According to Nygard and Saus the norm is that there is the overlooking of the external and collective risk involved in research projects and there is no acknowledgement of diversity among groups . They found that when there is no consideration of culture and context in the institutionalisation of ethics, the ethical considerations depend solely on the personal ethics and morals of researchers in the field.
Mele and Sanchez-Runde (2013) note the tension between universal ethics and local values and norms. Simultaneously, they raise the point that, particularly in a global world, ethics in culturally diverse and global environments may necessitatethe opening of closed attitudes. We propose a hybrid approach of universality with diversity and illustrate how this was attempted in two current research projects.
Hudson (2004) and Berghan (2007) suggest that universal approaches to ethics fail to recognise the impact that cultural difference has on the application of ethical principles. A tension exists for researchers needing to research with communities where local or cultural ethical norms are in conflict with universal ethical principles.
An example that quickly comes to mind is with regards to African moral belief which is based on the natural sociality of human beings and sets a social/communitarian ethic, rather than an individual ethic. Individualistic ethics that place emphasis on the welfare and interests of the individual is barely regarded in African moral thought (Gyekye 2010). According to the social ethic that is at the heart of African culture, social and community life carries a profound sense of duty for individuals with respect to their community and its members. This conspicuous opinion of duty to others in African contexts has a interconnected status to the concept of individual rights in Western ethics. Ethically, in Africa, responsibilities to the community take priority over individual rights, not the other way round as seen in Western ethics. This morality is also seen in other cultures.
This inconsistency in cultural belief is a clear indicator that the ethically norms that apply to say the African setup and the western setup ought to be different.
Galtung posits that broader concepts of peace exist in other historical and cultural contexts. Emphasis is placed not only on the reduction of direct physical violence but also on enhancing peoples opportunities to achieve their potential. Contemporary peace building strategies are bordered around a sequential approach: focus is chiefly on the termination of war followed by the introduction of reforms intended at increasing participation. On the other hand with the end of war, peace took a back seat in the political agendas, which had turned towards normal problems. Post-war protests in opposition to the existing neoliberal policies were largely criminalised, and the quandary of security and crime dominated the public discourse, demobilizing social protests and undermining democratic reforms. Yet it may be agreed that peace is more than the absence of war or other manifestations of violence, the pathway to peace remains long, complicated, and non-linear. This developed following the Cold War, when international peace-building strategies defined peace as the absence of external and internal war in politically democratic and market-oriented societies; this was known as the liberal peacebuilding concept. It was primarily based on the experiences of Western developed countries,state centred, and highly normative. From the foregoing there are very serious reservations about whether this can be mimicked in other world regions and whether it can be done in a short period of time.

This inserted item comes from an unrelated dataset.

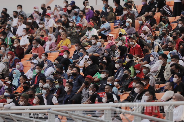 Penonton yang merupakan undangan menyaksikan pertandingan International Youth Championship (IYC) di Jakarta International Stadium (JIS), Jakarta Utara, Jumat (15/4/2022). Stadion megah milik warga Jakarta berkapasitas 82 ribu penonton ini digunakan perdana dengan menghadirkan penonton secara terbatas. TRIBUNNEWS/HERUDIN
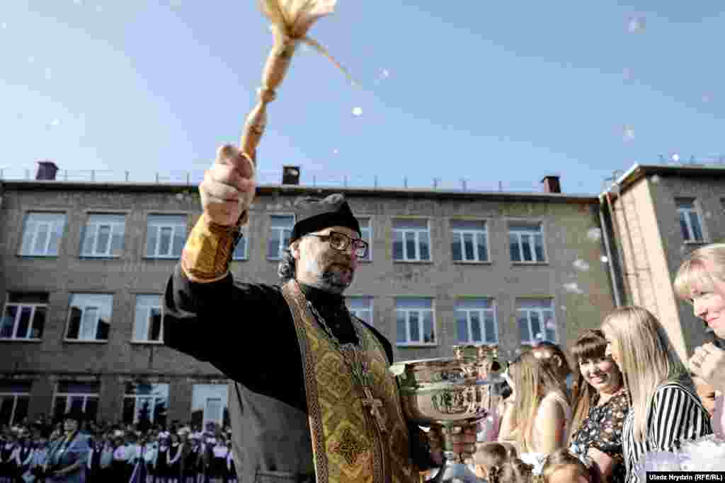 Урачыстая лінейка ў стаўпецкай школе №2, дзе ў лютым 2019 году адбылося двайное забойства, прайшла з удзелам новага дырэктара Аляксея Судніка.

Achieving peace cost Europe many centuries and millions of victims. The writer is of the view that the situate ethics speaks to these circumstances as it is quite evident that in the western developed countries it was possible because of say the resources. The thinking that the same may be done in other parts of the world which have not reached the same status in terms of development would be tantamount to grabbing at straws and it can safely be stated that failure will be guaranteed.
In the present day, Europe carries on observing many manifestations of violence (e.g. against women, migrants, and other marginalised groups), and it is far from certain that postWorld War II peace is irreversible.Experiences with the liberal peace-building put forward that there is no shortcut to peace using a Western template. In El Salvador and Guatemala in Central America, Mozambique and Angola in Southern Africa, and Cambodia and Timor Leste in Southeast Asia, the United Nations and other international actors supported liberalpeace-building in the early 1990s.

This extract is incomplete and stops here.